The ancient walls, with their towers and gates, are relatively well preserved. Their circumference is 3,100 m (10,171 ft), being at the base from 5 to 7 m (16 to 23 ft) in thickness, and from 10 to 13 m (33 to 43 ft) in height; they contain four large and two small gates. In most places they are formed of alternate courses of Roman tiles and large square stones, joined by a cement of great thickness. In some places columns and other architectural fragments from the ruins of more ancient edifices have been inserted. As with those of Constantinople, the walls seem to have been built in the 4th century. Some of the towers have Greek inscriptions.
The ruins of mosques, baths, and houses, dispersed among the gardens and apartment buildings that now occupy a great part of the space within the Roman and Byzantine fortifications, show that the Ottoman era town center, though now less considerable, was once a place of importance; but it never was as large as the Byzantine city. It seems to have been almost entirely constructed of the remains of the Byzantine era Nicaea, the walls of the ruined mosques and baths being full of the fragments of ancient Greek, Roman and Byzantine temples and churches. In the northwestern parts of the town, two moles extend into the lake and form a harbour; but the lake in this part has much retreated, and left a marshy plain. Outside the walls are the remnants of an ancient aqueduct.

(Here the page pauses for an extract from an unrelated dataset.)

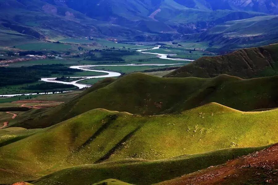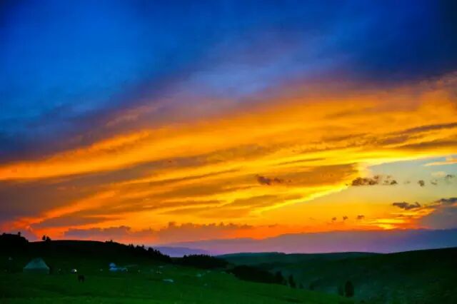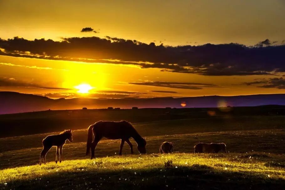 日出日落的时候更是美得让人移不开眼!特别是在将暮未暮之时,坐在小河边看着红日渐渐落下地平线,群山也被斜阳染上淡淡的红......

The Church of the Dormition, the principal Greek Orthodox church in Nicaea, was one of the most architecturaly important Byzantine churches in Asia Minor. A domed church with a cross-shaped nave and elongated apse, and dating from the perhaps as early as the end of the 6th century, its bema was decorated with very fine mosaics that had been restored in the 9th century. The Church of the Dormition was destroyed in 1922; only the lower portions of some of its walls survive today.
Excavations are underway in the Ottoman kilns where the historic Nycean tileware were made. The Hagia Sophia is also undergoing restoration.